[Data excerpts]
-*-
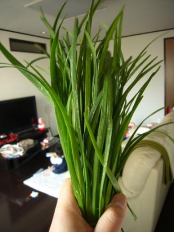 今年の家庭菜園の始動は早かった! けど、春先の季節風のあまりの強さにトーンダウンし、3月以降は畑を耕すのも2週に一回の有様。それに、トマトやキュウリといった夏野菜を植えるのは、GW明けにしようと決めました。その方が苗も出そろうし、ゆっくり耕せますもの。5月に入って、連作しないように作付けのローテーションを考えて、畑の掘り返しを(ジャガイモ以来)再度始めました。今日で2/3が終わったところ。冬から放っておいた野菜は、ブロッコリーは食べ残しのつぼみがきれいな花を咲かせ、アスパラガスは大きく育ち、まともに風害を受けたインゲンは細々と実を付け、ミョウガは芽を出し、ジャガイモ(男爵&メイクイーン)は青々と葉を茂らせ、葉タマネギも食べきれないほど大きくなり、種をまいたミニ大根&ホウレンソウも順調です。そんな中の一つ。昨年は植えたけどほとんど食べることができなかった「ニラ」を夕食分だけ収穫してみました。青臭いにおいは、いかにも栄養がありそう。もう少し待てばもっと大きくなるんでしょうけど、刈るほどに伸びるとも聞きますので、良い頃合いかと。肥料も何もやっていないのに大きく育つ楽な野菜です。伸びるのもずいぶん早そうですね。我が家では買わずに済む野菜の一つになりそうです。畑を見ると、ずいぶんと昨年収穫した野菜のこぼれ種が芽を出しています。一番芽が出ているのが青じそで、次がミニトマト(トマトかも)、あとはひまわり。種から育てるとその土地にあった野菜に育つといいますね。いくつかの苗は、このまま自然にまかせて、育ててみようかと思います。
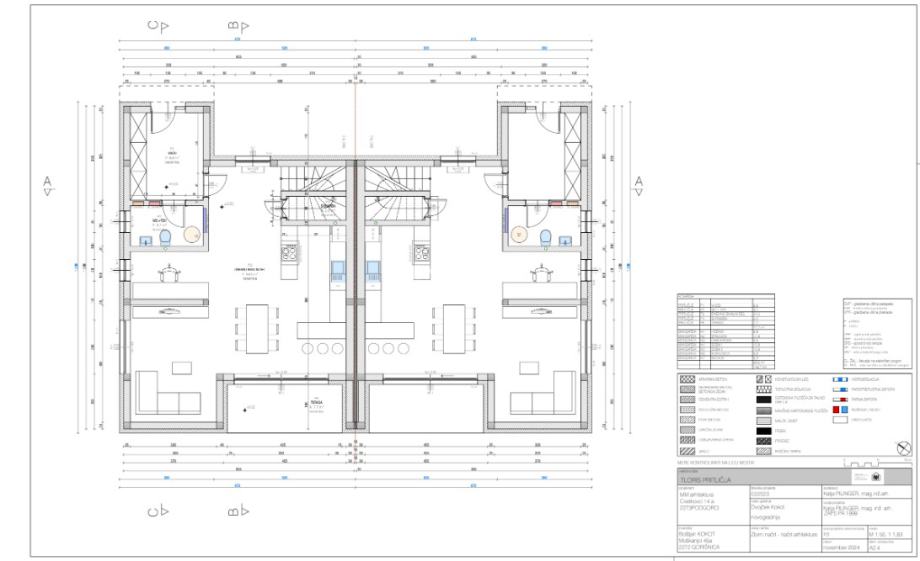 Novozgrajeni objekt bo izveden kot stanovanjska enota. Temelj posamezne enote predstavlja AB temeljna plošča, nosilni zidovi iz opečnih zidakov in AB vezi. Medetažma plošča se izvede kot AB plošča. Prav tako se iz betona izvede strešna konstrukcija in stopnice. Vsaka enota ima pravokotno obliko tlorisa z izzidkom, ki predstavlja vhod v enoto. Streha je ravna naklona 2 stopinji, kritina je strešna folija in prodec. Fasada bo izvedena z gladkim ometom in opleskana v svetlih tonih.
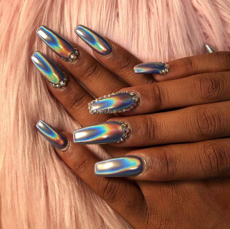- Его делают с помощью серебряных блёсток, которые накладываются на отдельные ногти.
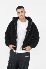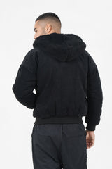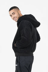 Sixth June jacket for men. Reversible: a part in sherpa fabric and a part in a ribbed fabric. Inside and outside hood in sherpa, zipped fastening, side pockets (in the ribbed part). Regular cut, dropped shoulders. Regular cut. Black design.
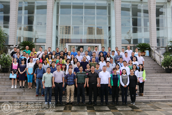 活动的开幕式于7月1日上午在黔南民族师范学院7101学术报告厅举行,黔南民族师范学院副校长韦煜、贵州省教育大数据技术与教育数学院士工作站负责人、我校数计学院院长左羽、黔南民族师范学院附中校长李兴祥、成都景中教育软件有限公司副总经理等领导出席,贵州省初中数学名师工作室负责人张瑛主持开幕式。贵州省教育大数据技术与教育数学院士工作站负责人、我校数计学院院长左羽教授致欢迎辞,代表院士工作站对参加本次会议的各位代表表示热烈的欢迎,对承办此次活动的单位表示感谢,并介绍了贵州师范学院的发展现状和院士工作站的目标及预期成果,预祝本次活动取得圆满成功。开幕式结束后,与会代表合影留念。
-*-
**Task objective:** Quote, word for word and nothing more, every line from the line with "- Его делают" to the end of the entries, including both ends; skip any pictures.

**Completed exercise:**
- Его делают с помощью серебряных блёсток, которые накладываются на отдельные ногти.
 Sixth June jacket for men. Reversible: a part in sherpa fabric and a part in a ribbed fabric. Inside and outside hood in sherpa, zipped fastening, side pockets (in the ribbed part). Regular cut, dropped shoulders. Regular cut. Black design.
 活动的开幕式于7月1日上午在黔南民族师范学院7101学术报告厅举行,黔南民族师范学院副校长韦煜、贵州省教育大数据技术与教育数学院士工作站负责人、我校数计学院院长左羽、黔南民族师范学院附中校长李兴祥、成都景中教育软件有限公司副总经理等领导出席,贵州省初中数学名师工作室负责人张瑛主持开幕式。贵州省教育大数据技术与教育数学院士工作站负责人、我校数计学院院长左羽教授致欢迎辞,代表院士工作站对参加本次会议的各位代表表示热烈的欢迎,对承办此次活动的单位表示感谢,并介绍了贵州师范学院的发展现状和院士工作站的目标及预期成果,预祝本次活动取得圆满成功。开幕式结束后,与会代表合影留念。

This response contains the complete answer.